_TASK STATEMENT_
Leaving the images behind, copy every line of the records exactly.

_Extracted records_

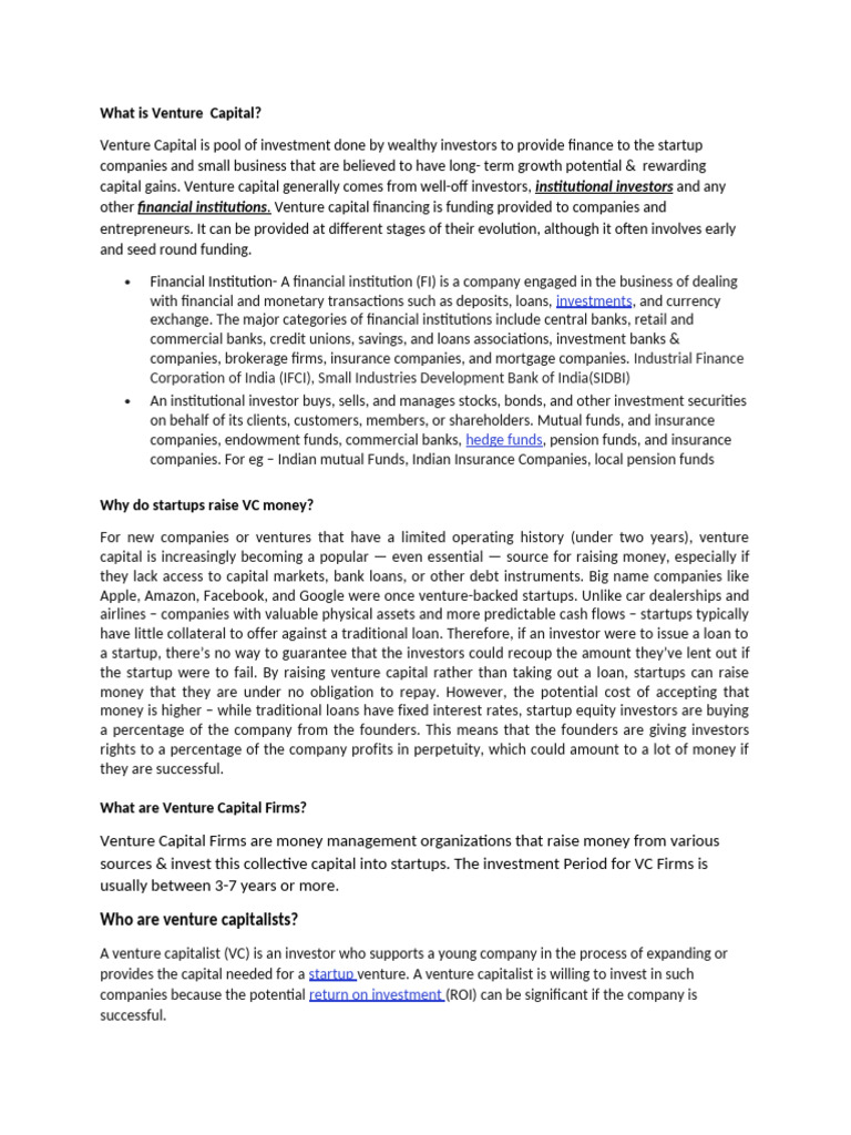 Venture Capital is pool of investment done by wealthy investors to provide finance to the startup
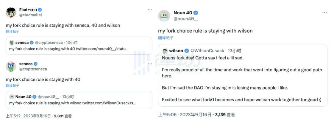 9 月 16 日,这一天被 Nouns 社区称为「分叉日」,NounsDAO 完成分叉。846 个 Nouns NFT 中的 472 个加入了分叉,选择离开 Nouns 的持有者超过了一半,他们从财库提走了近 2730 万美元的 ETH。
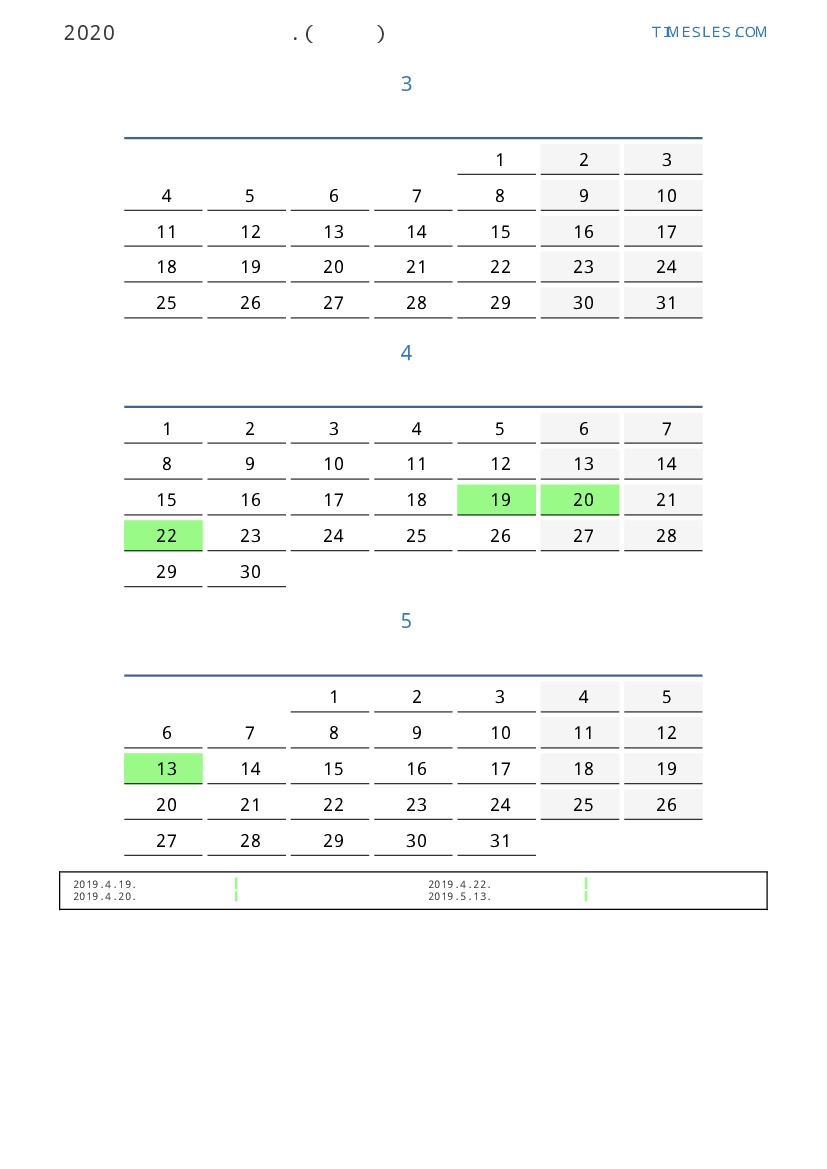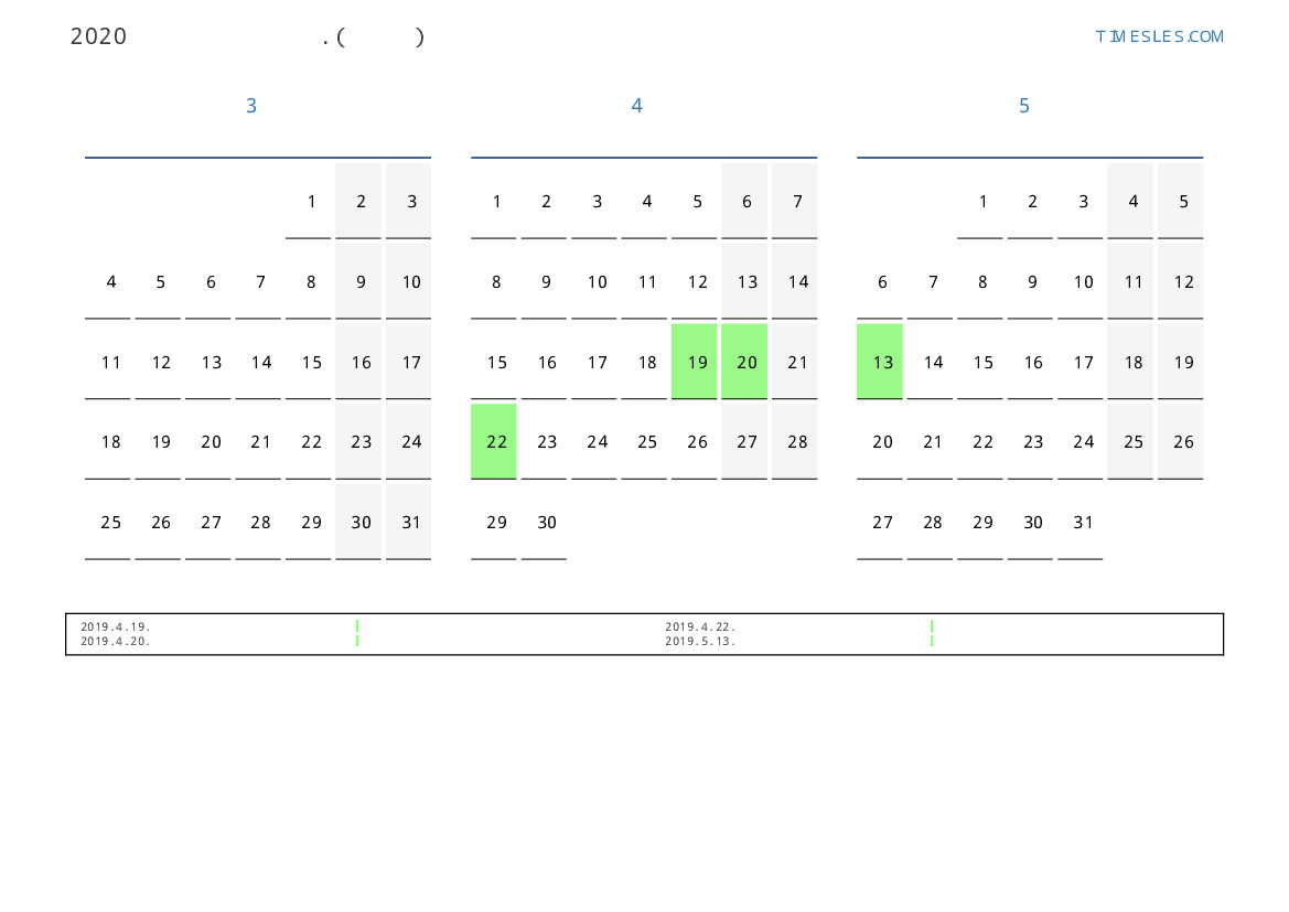 사모아 2019 년 봄을 위해 공휴일 및 주말이 포함 된 PDF 캘린더 다운로드 및 인쇄
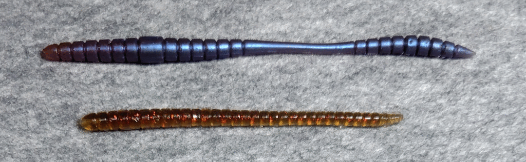 英語 worm(ミミズ)からきていて、形や動きがミミズや小魚、ザリガニなどのエサを模しているものや、いろんな形のワームがあります。
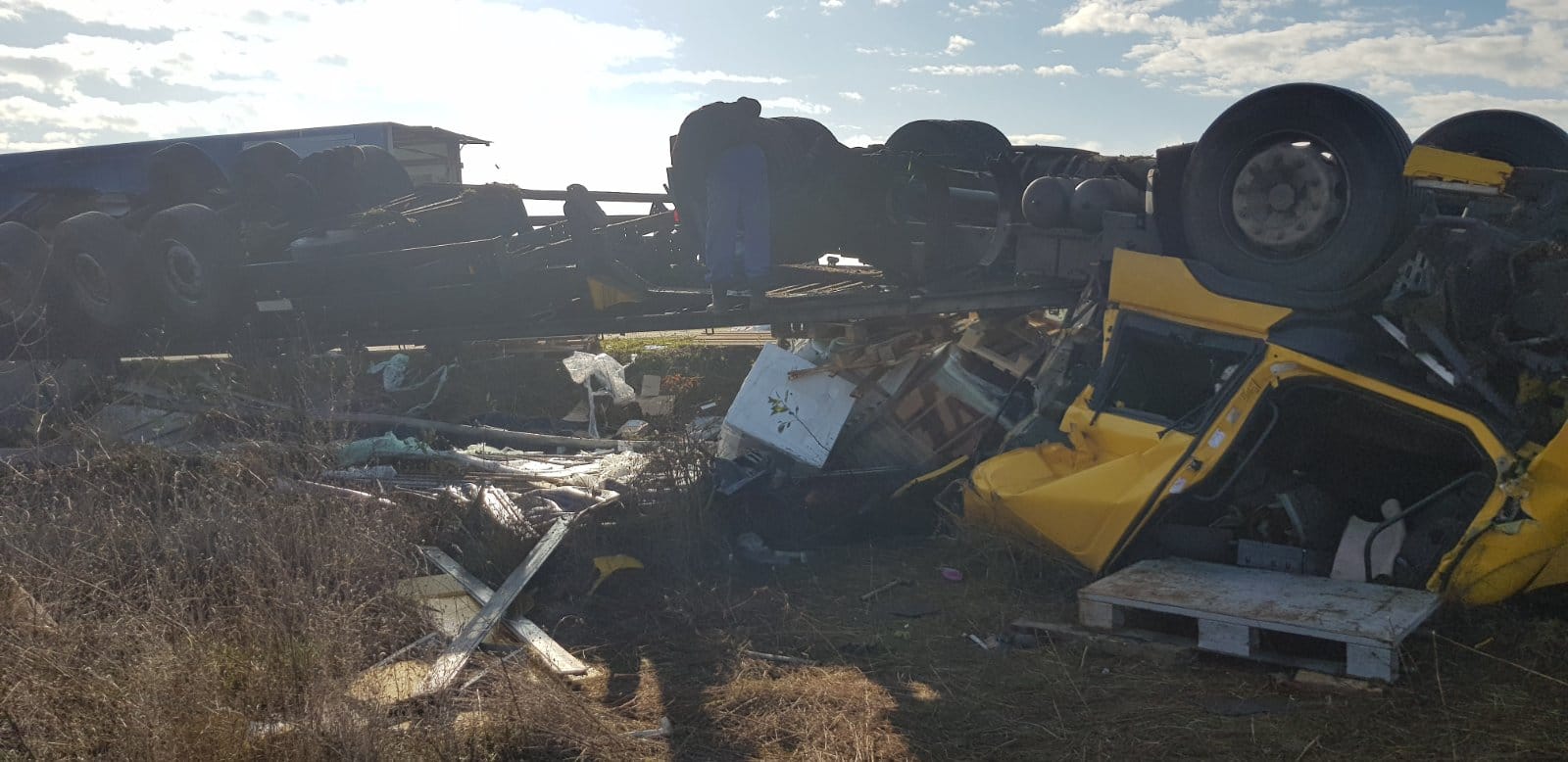 Не се е стигнало до разсипване на товари. Пътният трафик не е нарушен. По случая е образувано досъдебно производство.

_ANSWER TO THE EXERCISE_
 Venture Capital is pool of investment done by wealthy investors to provide finance to the startup
 9 月 16 日,这一天被 Nouns 社区称为「分叉日」,NounsDAO 完成分叉。846 个 Nouns NFT 中的 472 个加入了分叉,选择离开 Nouns 的持有者超过了一半,他们从财库提走了近 2730 万美元的 ETH。
 사모아 2019 년 봄을 위해 공휴일 및 주말이 포함 된 PDF 캘린더 다운로드 및 인쇄
 英語 worm(ミミズ)からきていて、形や動きがミミズや小魚、ザリガニなどのエサを模しているものや、いろんな形のワームがあります。
 Не се е стигнало до разсипване на товари. Пътният трафик не е нарушен. По случая е образувано досъдебно производство.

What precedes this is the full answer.